Aesthetics of surrogation is a video essay that is part of a larger research and artistic project-in-progress around the sensorial and material environments of the postdictatorship in the Latin American Southern Cone, specifically Argentina and Chile. Broadly, this project aims to think of the postdictatorship—this is, the period comprehending the end of the dictatorships of Videla in 1983 and Pinochet in 1990, to the present—as constituted by material, atmospheric traces through which the affective structures of the dictatorships—including echoes of horror, torture, disappearance, and death—elusively persist. In this video-essay, I take the opening sequence of Lucrecia Martel's La mujer sin cabeza (2008), and specifically the elusive, sweaty figure of a handprint on a car's window, as a starting point to read the inscription and persistence of dictatorial and colonial violence in the textures of materialities such as noise, metal, and sweat.

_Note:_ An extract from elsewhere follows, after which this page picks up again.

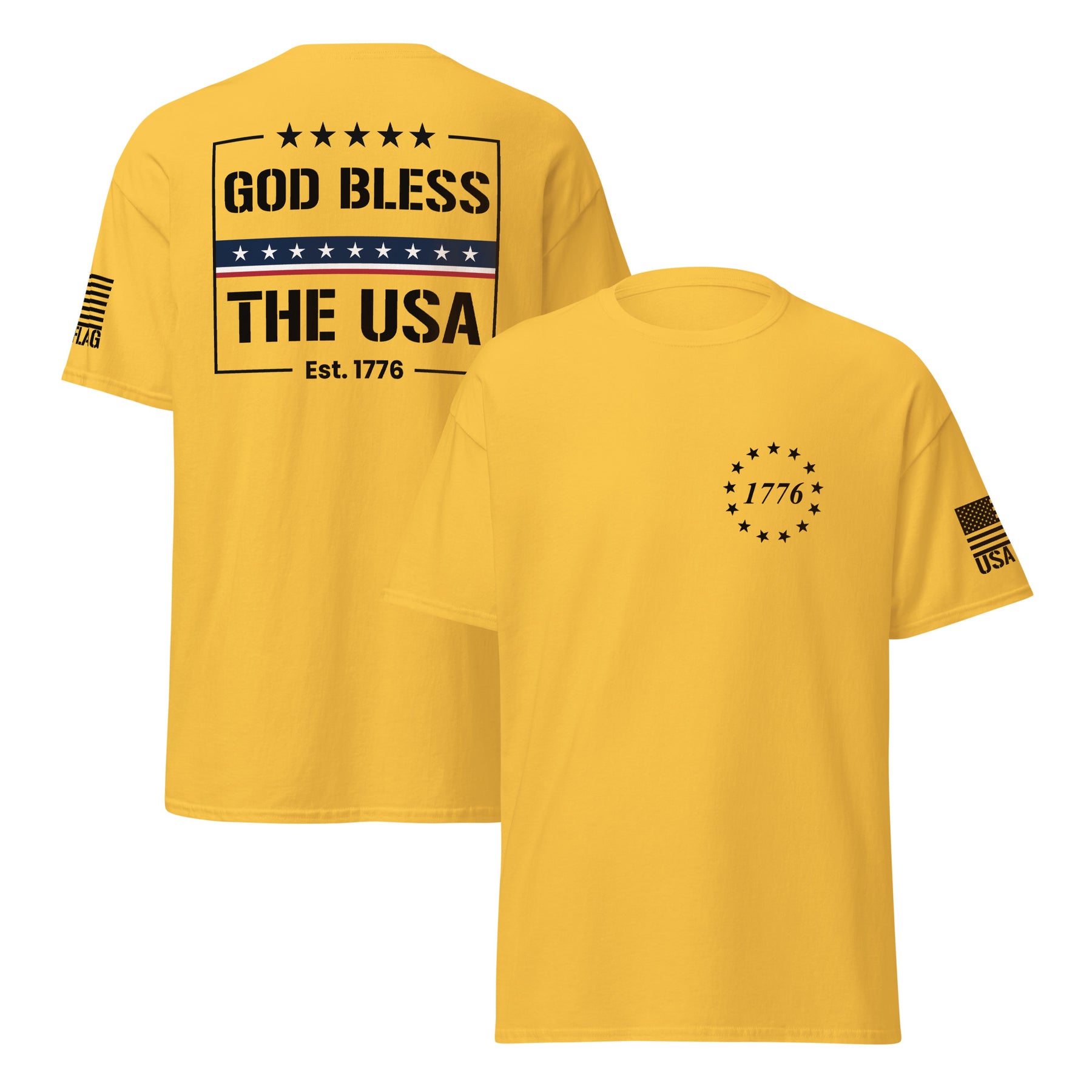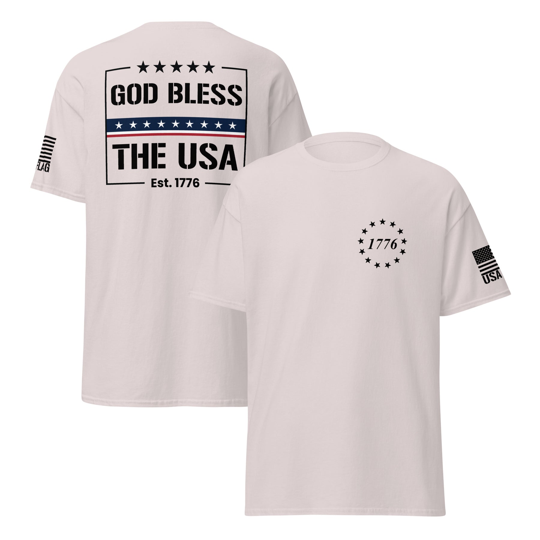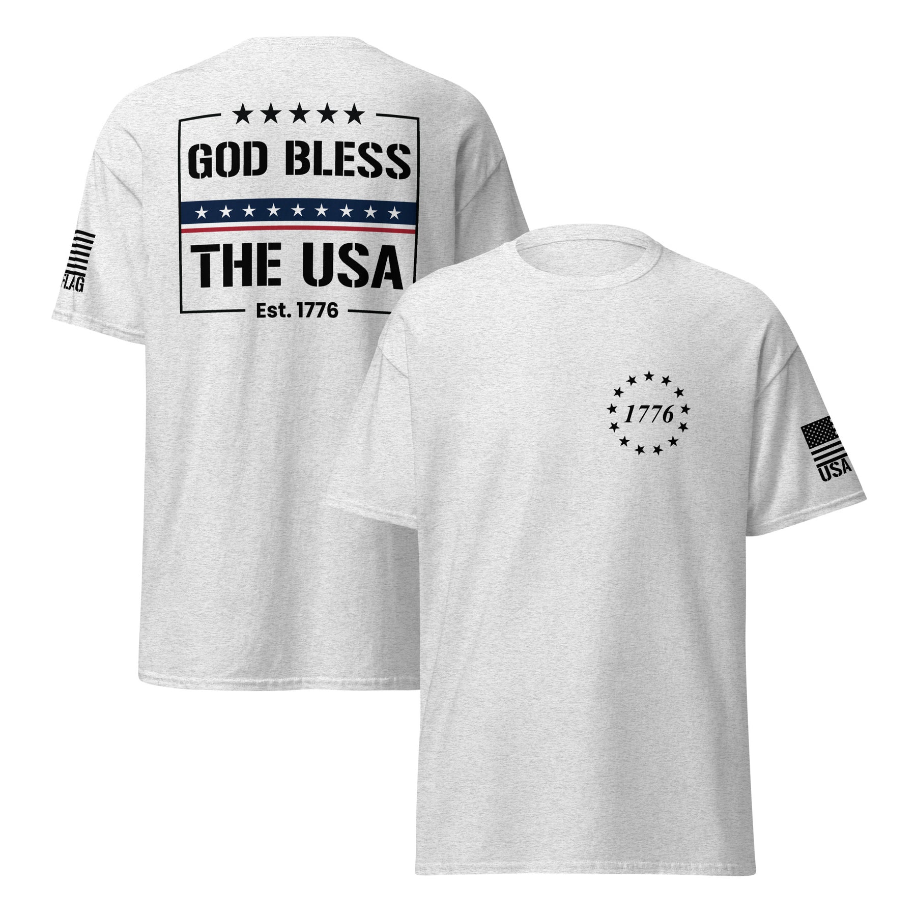 Declare your patriotism with our God Bless The USA T-shirts. Crafted from soft, durable cotton, these shirts are perfect for Fourth of July celebrations, Memorial Day, Veterans Day, or any day you want to proudly display your love for America. Featuring bold, vibrant designs, our tees are ideal for family gatherings, community events, or simply expressing your national spirit. Explore a variety of styles and sizes for men, women, and children, ensuring the perfect fit for every patriot.

These materialities, because they hold a particularly ambivalent status, specifically in relation to the body and the ways in which they interact with the environment and are sensed and perceived, enable certain unexpected acts of inscription, remembrance, and surrogation to take place.

 

The video is in fact titled “aesthetics of surrogation,” in a reference to Joseph Roach’s famous conceptualization of the term (1996), to address processes of cultural reproduction and re-creation, particularly taking place at moments of departure, loss, and death. When absences and cavities are forced into the social fabric of a particular society, he suggests, “survivors attempt to fit satisfactory alternates.” While drawing from Roach’s notion, I appropriate the concept of surrogation rather loosely, offering an experimental, material approach to the term. In doing so, I pay attention to the ways in which certain materials and material structures—such as the largest amusement park in Chile, Fantasilandia—as well as gestures, bodily dispositions, and interactions occurring in the postdictatorship space might be rendering themselves available, albeit unknowingly, for something else to suddenly and elusively emerge.